### What you have to do
Exactly as written, output the lines below starting from the first and ending with the line that contains "Duck green handcrafted"; omit pictures.

### Dataset excerpts
________

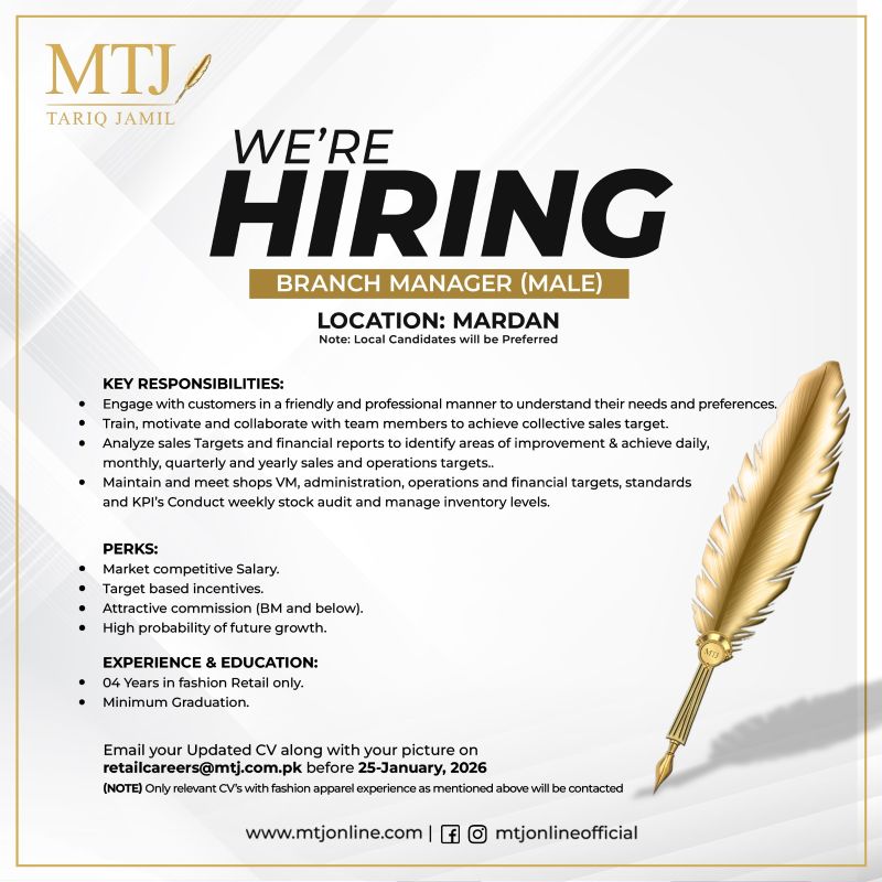 To apply for this job please visit mtj.com.pk.
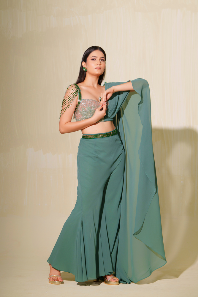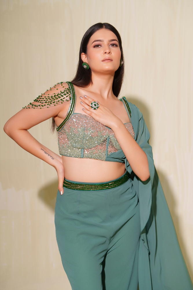 Duck green handcrafted sequin and crystal shimmer corset with shoulder drape Paired with georgette bootcut flared pants.
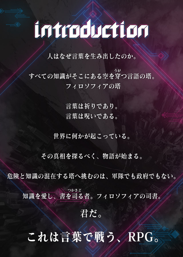 『ことばのパズル もじぴったん』『冒険クイズキングダム』といった大ヒットゲームの生みの親として知られる後藤裕之ディレクターが新たに手がける言葉のパズルは、スクウェア・エニックスで数々の人気ゲームを手がけ、『ゲームDJ』として株式会社シシララの代表取締役社長を務める安藤武博プロデューサーとの強力タッグで本格RPGへと進化。 シナリオ・虎走かける×キャラクターデザイン・タイキ×音楽・景山将太ら豪華クリエイター陣が創り出すドラマチックな世界観の中で、『クロス×ロゴス』の物語は始まります。 【スタッフ】 シナリオ:虎走かける(『ゼロから始める魔法の書』シリーズ) キャラクターデザイン:タイキ(『LORD of VERMILION IV』/『Fate/Grand Order』) 音楽:景山将太 ディレクター:後藤裕之(『ことばのパズル もじぴったん』シリーズ) プロデューサー:安藤武博(『拡散性ミリオンアーサー』) 開発:カヤック×カヤックアキバスタジオ 配信:アニプレックス×カヤック 【主題歌】 藍井エイル「voyage」(SACRA MUSIC) 【キャスト】 主人公(男):石川界人 主人公(女):瀬戸麻沙美 エルス(男):代永 翼 エルス(女):村瀬 歩 ココ:潘めぐみ 地竜:稲田 徹 柘榴:高橋李依 コロンバイン:田村奈央 ヒュパテア:たかはし智秋 トントン:竹達彩奈 コロナ:東山奈央 AND MORE... ©Aniplex Inc. / KAYAC Inc. All Rights Reserved.
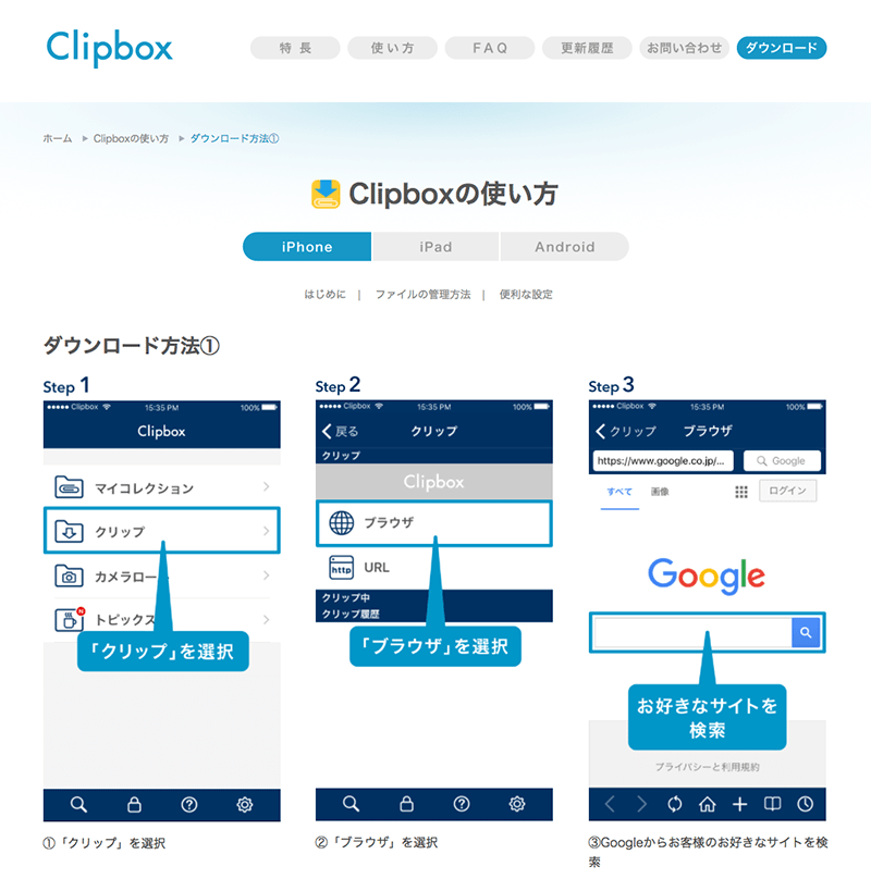 使い方 ダウンロード方法①Clipboxオフィシャルサイト。
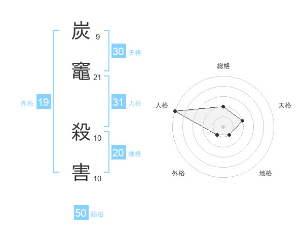 炭竈 殺害さんを姓名の画数から五運を鑑定

________

### Task response
 To apply for this job please visit mtj.com.pk.
 Duck green handcrafted sequin and crystal shimmer corset with shoulder drape Paired with georgette bootcut flared pants.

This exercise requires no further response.